I just read an article on adoption etiquette. Not only are some people insensitive about adoption but they're also insensitive about "step" parenting.
One of the things that people say the most is "Which ones are your real kids?"
There are days I want to respond with: "Well, can't you tell which ones are the plastic kids and real kids? I feed the real ones real food and the fake ones plastic food."
Of course I don't but I politely respond with a comment abouthow they're my kids but I only gave birth to 3 of them.
I had an awkward experience with this at WalMart the other weekend. I was finishing up some shopping and happened to walk by a lady I've known for a very long time but don't see frequently. As usual I had my 6 kids in tow. After a brief hello I was asked if they were ALL my kids. I put on a big smile, answered yes and they're so much fun. This is where it got awkward.
When Rob and I got married our kids ages interlocked. Kason 12, Kim 11(almost), Dallon 10, Bethany 9, AJ 8 and Colten 6. Kim and Dallon are actually about 7 months apart. I've gotten tired of explaining our family every time someone asks about my kids. Frankly, it's none of their business how our family works. I feed them, love them, and care for all of them on a daily basis. Therefore, they're all mine. Ok, back to my story.
This woman, who truly is a great person, gave me the most horrified look! In the look she had insinuated I had been quite the baby factory. I could tell she was curious and baffled at my lack of explaination. I left her there and went on my merry way with my children.
What I think people fail to realize is that we're not all traditional families. Some are blended kids and some are adopted. Either way, we're a family, just like yours. At home we don't remind the kids that they're not ours or "real". It's the people that ask inappropriate questions that tell our kids they don't fit. I know my kids fit, in my heart.

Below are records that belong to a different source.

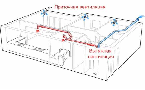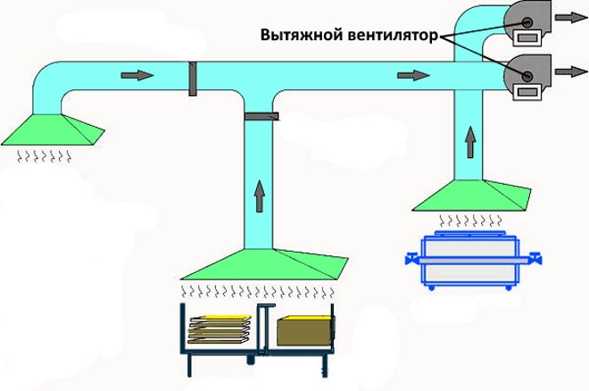 La ventilation forcée est le plus souvent installée dans une salle de bain, associée à des toilettes, ou dans la cuisine. Pour ce faire, un puissant ventilateur est installé dans la gaine de ventilation qui va aux toilettes et une hotte typique est fabriquée dans la cuisine, ce qui assure l'évacuation de l'air évacué.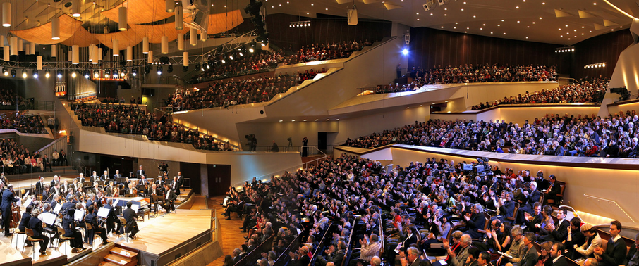 We will later look at the sociopolitical implications of how a concert house is built. For now, I would like to point out how the architecture of the concert hall itself, its acoustics in particular, sculpt our listening. There exists two main types of concert hall architecture, the shoebox shaped hall and the surround hall. The Konzertverein in Wien is a famous example of the first, and the Berliner Philharmonie, an example of the latter.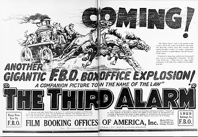 The Third Alarm is a 1922 American silent melodrama directed by Emory Johnson. FBO released the film in January 1923. The film's "All-Star" cast included Ralph Lewis, Johnnie Walker, and Johnson's wife, Ella Hall. Emilie Johnson, Johnson's mother, wrote both the story and screenplay. The Third Alarm was the second picture in Johnson's eight-picture contract with FBO.[1]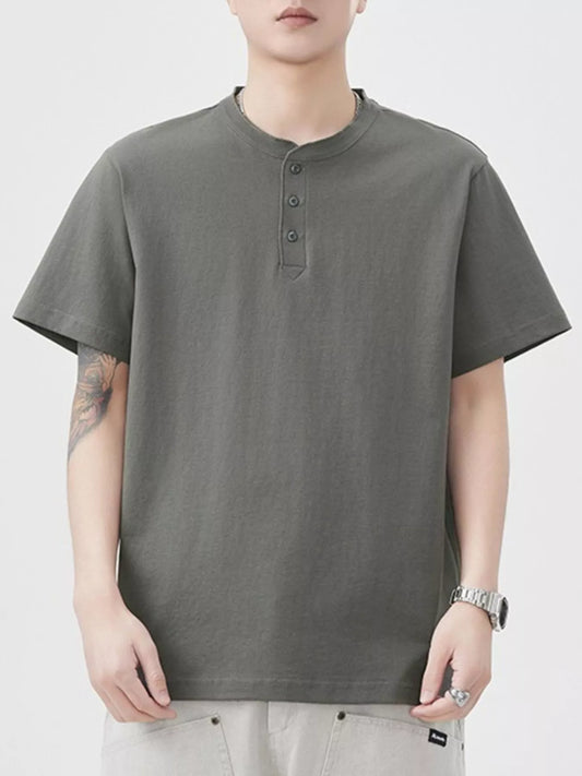 Men's Plus Size Casual Button-Detail Henley T-Shirt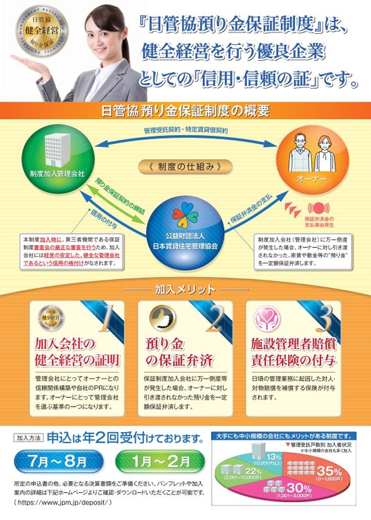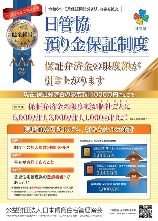 公益財団法人日本賃貸住宅管理協会(本部:東京都千代田区、会長:塩見紀昭、以下:日管協)は、「日管協預り金保証制度(以下、本制度)」の【保証弁済金の限度額を最大5,000万円まで引き上げる制度拡充(要件あり)】を行い、健全に経営を行っている加入者がメリットを享受できる保証内容いたしました。(詳細は以下リーフレット参照)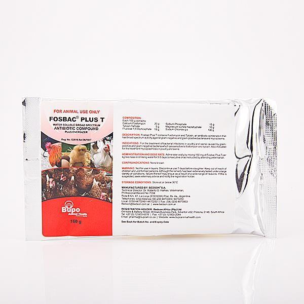 • Breeders: Use 160 mg FOSBAC Plus T (40 g Fosfomycin)/ kg body mass (approx. 400 g per 1000 chickens at KLW of 2.5kg) for 3-5 consecutive days in the drinking water.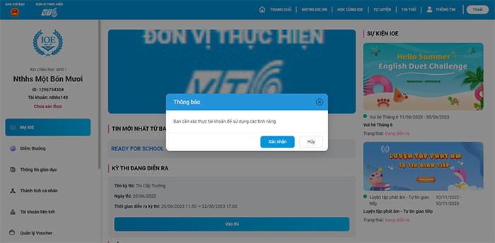 Sau khi hoàn tất việc nhập thông tin giáo dục, hệ thống sẽ yêu cầu xác thực tài khoản IOE để sử dụng đầy đủ các tính năng. Việc xác thực này cũng giúp bảo mật tài khoản và hỗ trợ khôi phục mật khẩu, đồng thời cho phép học sinh tham gia các kỳ thi chính thức. Hãy bấm Xác nhận để đăng ký số điện thoại xác thực.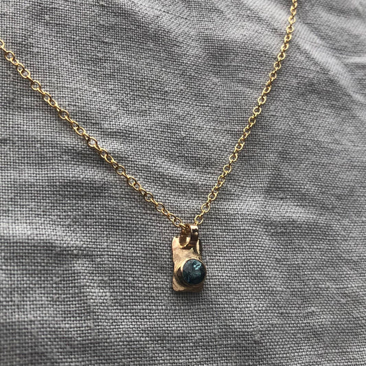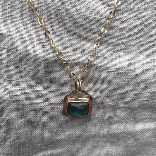 Solid gold teal green tourmaline pendant // 14k blue-green tourmaline necklaceRegular price From $620.00 USDRegular priceUnit price / per-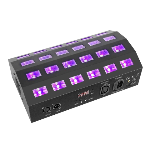 Thunder LUV-24 UV LED Derítő: 24x3W erő, DMX vezérléssel ⚡ Ez a professzionális Thunder LUV-24 UV LED derítő 24 darab, 3W-os nagy teljesítményű UV LED-del van felszerelve, így lenyűgöző fényerőt biztosít minimális energiafogyasztás mellett. A beépít...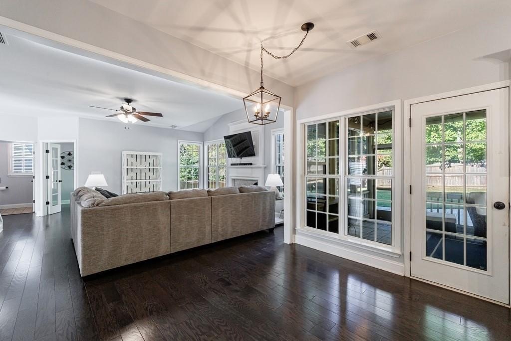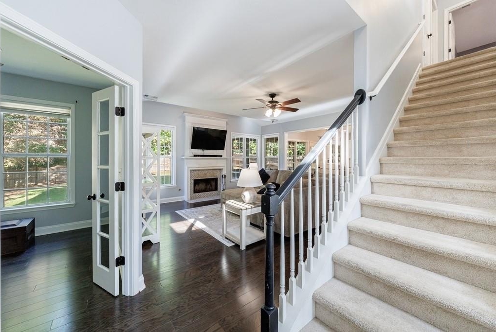 Beautifully updated 4 bedroom, 2.5 bath home in sought-after Brookshire! Features a renovated kitchen with granite counters, stainless appliances and a large island open to the fireside family room. Hardwoods throughout the main level. There is also an office with glass french doors on the main. Primary suite with large walk-in closet and private ensuite. Additional three bedrooms, hall bath and laundry upstairs. Enjoy outdoor living on the screened porch overlooking the stone patio with firepit. Fantastic neighborhood amenities include pool, tennis, pickleball, playgrounds and clubhouse. Minutes from Downtown Woodstock, Outlets of Atlanta, and I-575!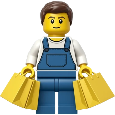 Create a lego minifig carriying shopping bags emoji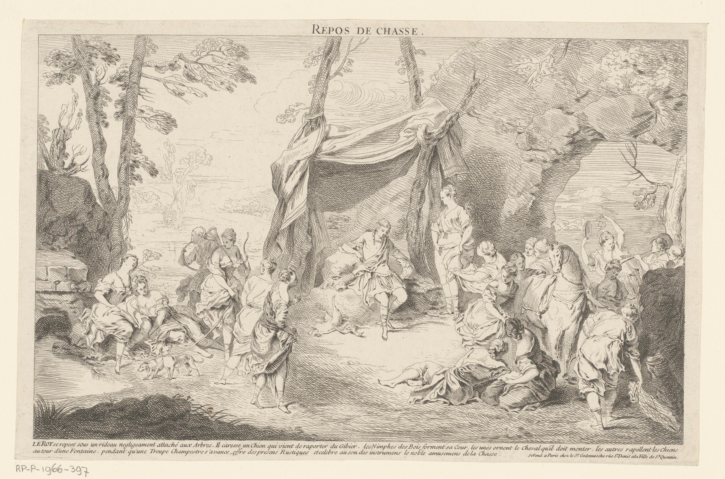 Boslandschap met rustend jachtgezelschap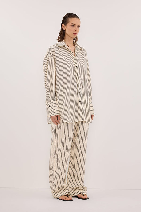 - High rise stripe silk blend pant

On the flip side, there are times that people recognize us as a family. My sweet visiting teacher noticed my daughter walking down the school hall and commented on it. She said that my daughter and I have the same spring in our step and our hair swings the same way. She could tell she belongs to me. This made my heart swell! She was really surprised when I mentioned that my daughter wasn't biologically mine. I didn't mind explaining to her. It warmed my heart that she didn't question my love or the fact that my daughter is mine even if we don't share the same DNA.
Adoption is an act of love on all parts. The parents showed unmeasurable love for the child by allowing another set of people to be active parents. Step parenting isn't any different and is as rewarding as any other form of parenting. As a good woman once mentioned...I'm not a "step" parent, I'm a BONUS parent.